I had applied to about eight fellowships. I was at American Society of Health-Systems Pharmacists Midyear Clinical Meeting, and I had something like seven days of interviews nonstop. I really landed at my role having gone through the interviews. At the time, I had two medical affairs offers as well as a project management one. After talking to the team, I thought the company with the project management offer, which was Celgene, was the best fit.
So I did two years as a global project manager fresh out of school.
A lot of folks who graduate from pharmacy school have a pharmacist mentality, which is that you're the subject-matter expert, you should have the answer. But nobody taught me project management in school. That was part of the learning experience. I enjoyed that.
What makes this job the right fit for you?
My day is never the same. I don't punch in at 8 a.m. and punch out of 5 p.m., and there's always something new happening. It's very dynamic.
It's also very nebular, which I actually appreciate. It does take a certain type of individual to come into something a bit more gray, a bit less defined.
Being a PM is very based on the circumstance. You can't be the same PM with one team that perhaps takes direction really well, is very independent with very strong workers as you can be with another team, which perhaps is more junior and needs direction.
I also have the ability to structure not just my day, but my career path as well. A lot of people come into this PM role typically in drug development, so they can get that higher-level vision of how drug development works and say, “Okay, I've been a clinical scientist for 10 years. But I want to do something else.” So they work as a PM. For a few years they get to see the full process outside of their own job.
So this job is dynamic, it’s nebular, and it really just opens up a lot of possibilities.
What kind of student or young pharmacist would do well in this career? What would you advise them?
My preceptor gave me the best advice when I was looking at the fellowship: “I don't want you to focus on where you want to go next. I want you to focus on where you don't want to go next. You have so many options of what you can do, try to figure out if there is anything you don’t want to do.”
He was advising you to leave as many options as possible open.
Exactly, and that's really what it is: Don't feel like you're cutting off avenues, because there's so much for you to do.
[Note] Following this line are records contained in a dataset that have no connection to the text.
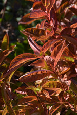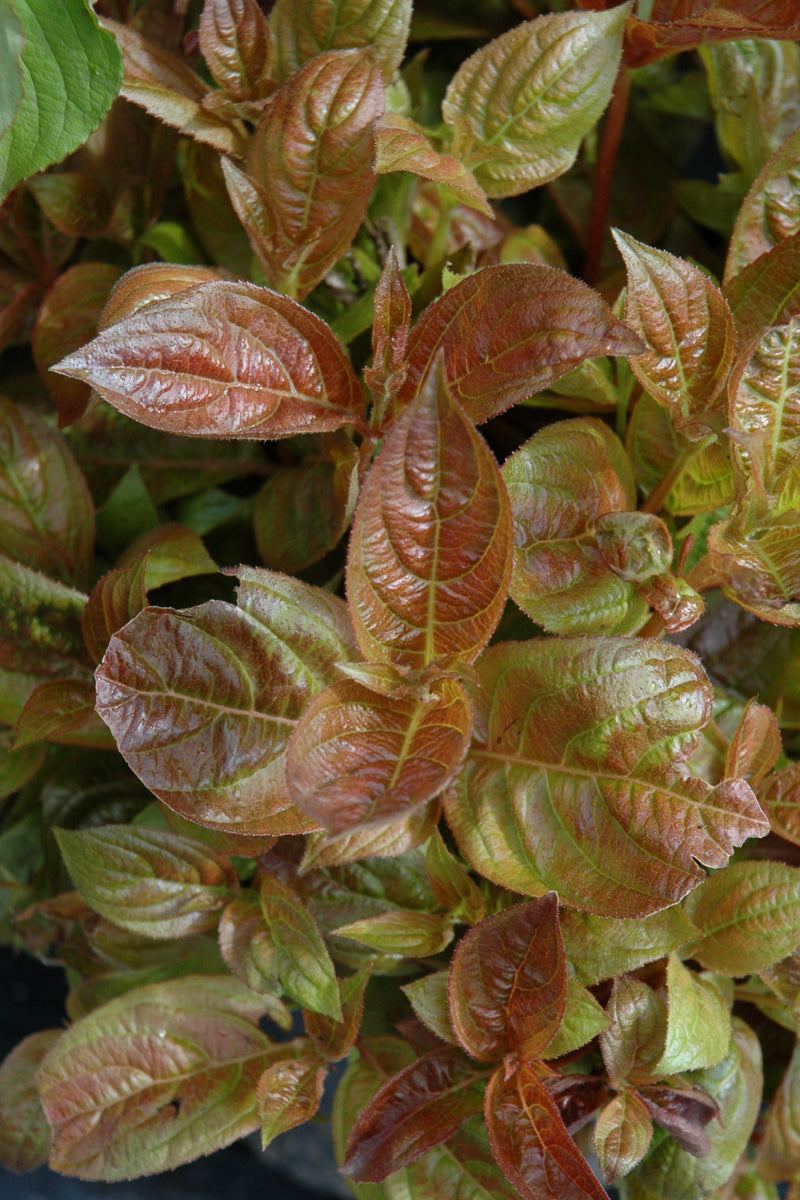 Wings Of Fire Weigela features showy clusters of pink trumpet-shaped flowers along the branches from mid to late spring. It has attractive red-variegated green foliage with hints of orange which emerges red in spring. The glossy pointy leaves are highly ornamental and turn burgundy in fall.
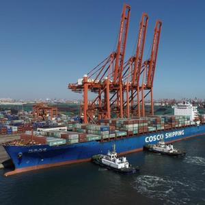 一艘輪船在拖輪的協(xié)助下向唐山港京唐港區集裝箱碼頭靠泊(2021年10月23日攝,無(wú)人機照片)。新華社記者 朱旭東 攝
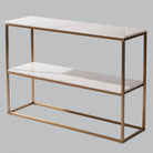 The Yarrow Bookcase is a stunning example of modern design, crafted with a luxurious warm gold metal finish and a striking white marble top. Its sharp, straight lines and brushed gold accents create a sleek and elegant silhouette, making it a perfect focal point for any modern or contemporary setting.
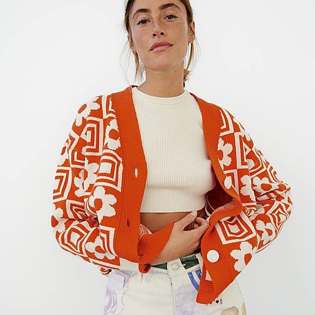 El siguiente modelo combina los dos estampados del momento y uno de los colores de la temporada. Se trata de un cárdigan de estilo retro con print combinado geométrico y floral, en naranja. Muy cómodo por su amplia silueta, con escote de pico, acabados a contraste y botones grandes forrados a tono. Su precio es también de 29,95 euros y viene en la S, M y L.
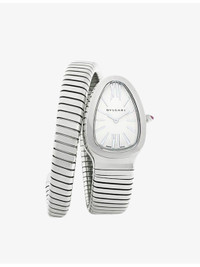 PRODUCT DETAILS - Bvlgari large stainless-steel quartz watch - 100% stainless steel; bracelet 100% stainless steel - Style number: SP35C6SS.1T/L - Slips on - Synthetic-sapphire glass, opaline drop dial with guilloche soleil treatment, B033 calibre, 5 jewels, single-spiral bracelet and hand-applied indexes, curved case, crown set with a cabochon-cut rubellite - Case diameter: 35mm - Wipe with a clean, dry cloth - Water resistance: 3 bar / 3 atm / 30m / 100ft - Made in Switzerland - Two-year manufacturer's warranty - Bvlgari prides itself on providing excellent customer service. This includes contacting customers to offer after-sales care and share details about its brand and products. As such, when you order a Bvlgari product from us, your details will be passed onto Bvlgari so that it can provide these services to you. Ref: R04208012
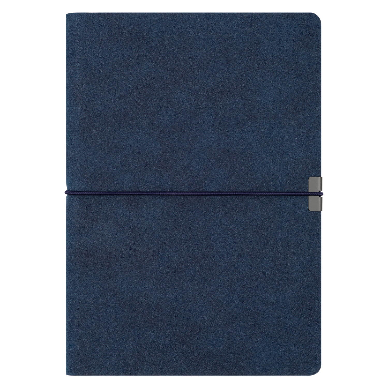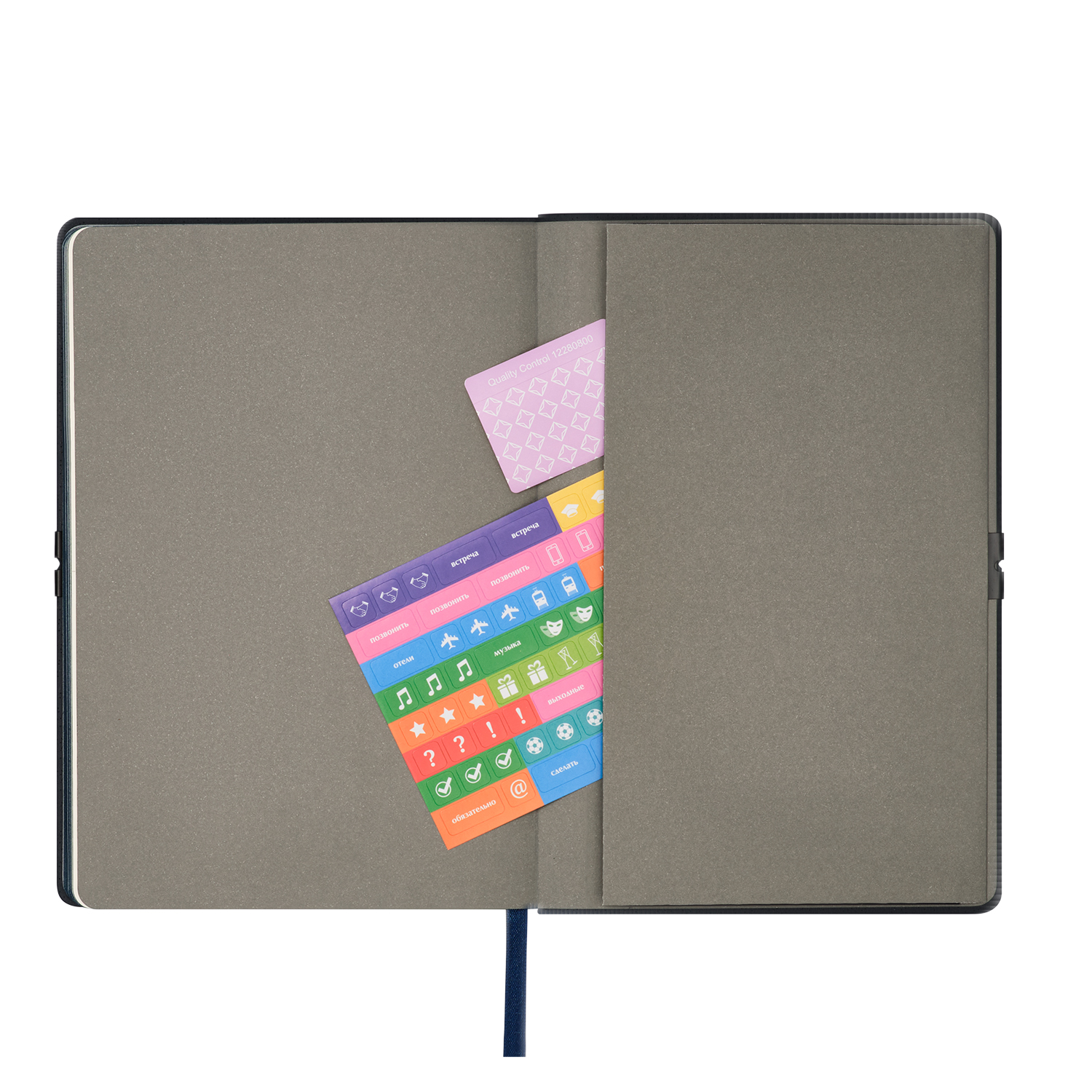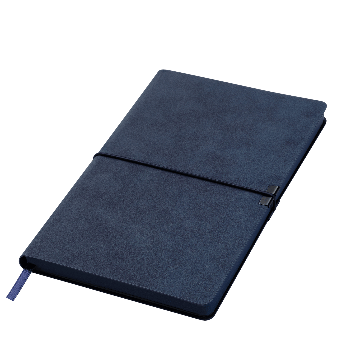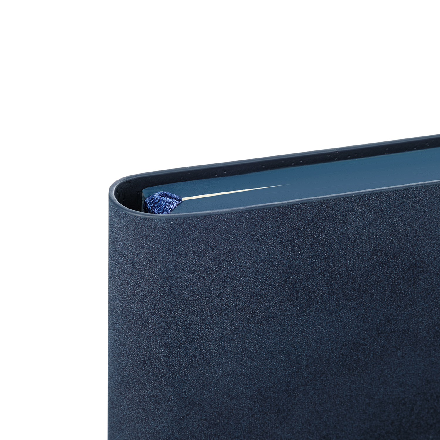 Коллекция In Velour - образец удачного сочетания минимализма со стильными элементами дизайна. Глубокий, чуть приглушенный темно-синий цвет мягкой обложки обыгрывается горизонтальной фиксирующей резинкой. Чтобы избежать повреждений обложки, на обеих ее сторонах под резинку установлен металлический фиксатор цвета черный никель - он не только улучшает внешний вид аксессуара, но и функционально полезен. Цветовой ансамбль дополняется и матовым цветным срезом, выполненным в тон обложке. Поверхность ежедневника приятна на ощупь: материал напоминает нубук и имеет бархатистую поверхность. Также эффектность аксессуара поддерживается контрастными форзацем и нахзацем серого цвета и светло-кремовыми страницами из гладкого, слегка шелковистого офсета. Темно-синее атласное ляссе органично завершает внешний вид ежедневника.
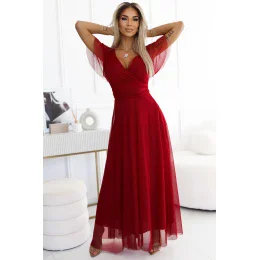 Šaty NASTIA značky Numoco Basic sú jemnou kreáciou s dlhým strihom a krátkymi rukávmi. Sú vyrobené z ľahkého bordového tylu, ktorý im dodáva ľahkosť a vzdušnosť. Šaty majú vystužené košíčky pre skvelú oporu a šnúrka v páse jemne zvýrazňuje pás. Ide o výnimočný dizajn so ženským a romantickým charakterom. Vyrobené v Európe, spájajú vysokú kvalitu spracovania s elegantným dizajnom. Ideálne na večerné vychádzky a špeciálne udalosti.
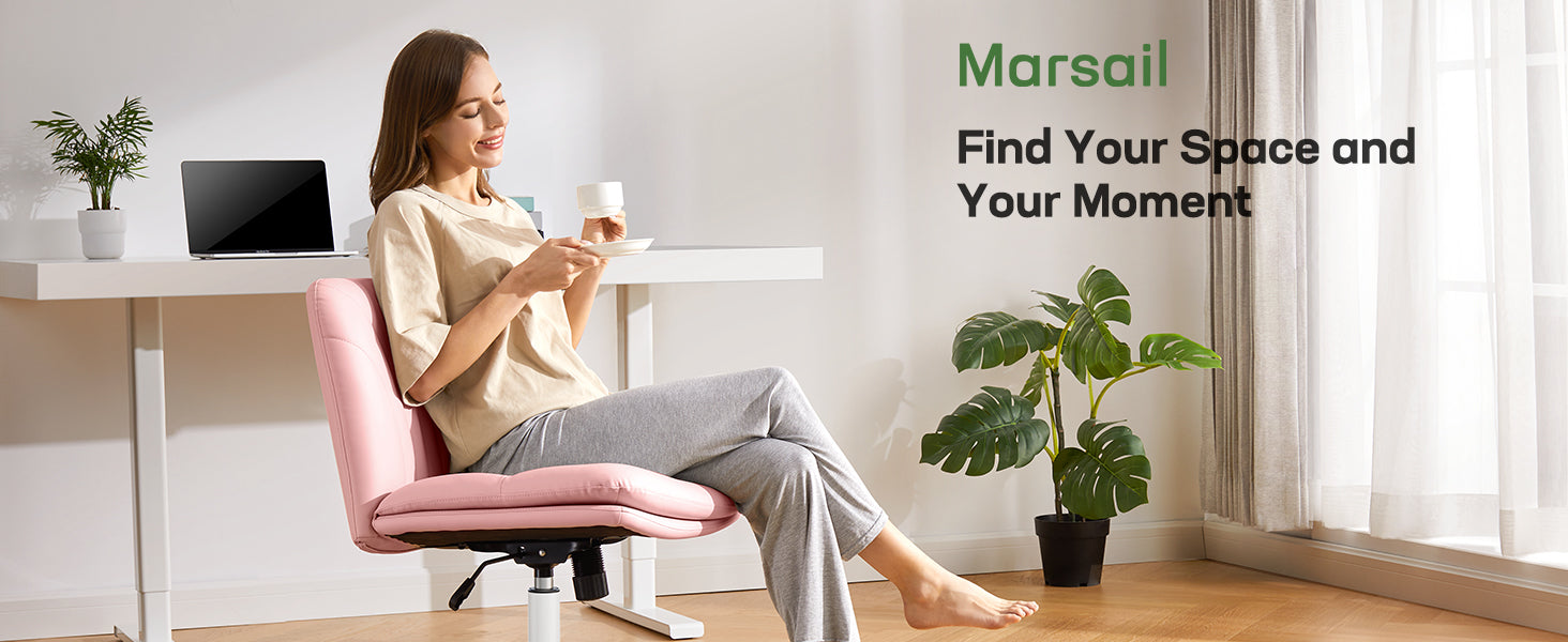 Rest assured on our cross legged office chair is sturdy engineered wood seat base that ensures stability. The two-layer memory foam cushion offers a soft upper surface and firm sub-layer support for enhanced comfort during long hours of sitting. With a generous 27.56" steel base, this office chair armless guarantees stability, allowing you to focus on your tasks in a relaxed manner.

To the other part of your question about what kind of a student would do well in this? It really does have to be a student who is comfortable with being uncomfortable. You have to be okay with not having an order or a prescription, or a step-by-step process in front of you. It has to be someone comfortable setting their own career. The person who is driven, who is willing to take risks. And lastly, you just have to have a passion for learning.
It's got to be someone who's not afraid of failure, which I think is a big pill to swallow, especially for pharmacy students. Because for pharmacists, we associate failure with patient complications.
But the truth is most people work their entire lives on products that never see the light of day. Because that's how drug development is; not every single drug is going to be a success. So you have to be willing to understand when something is a failure and not let that get you down individually.
One more question: What recommendations would you give a pharmacy student trying to figure out what path to follow?
Try as many things as you can. I would recommend people diversify their APPEs (advanced pharmacy practice experiences). Don't just pick APPEs for location.
Look at nuclear pharmacy, look at pharma, look at compounding. A big thing in Vermont is telehealth, right? There are tons of opportunities out there for pharmacists beyond traditional community and clinical pharmacies. And if you don't experience it, you won't know.
For folks who are interested in pharma, it has gotten competitive because more and more people are realizing the possibilities. So start early. Try to get an internship.
Try to understand who you are as an individual.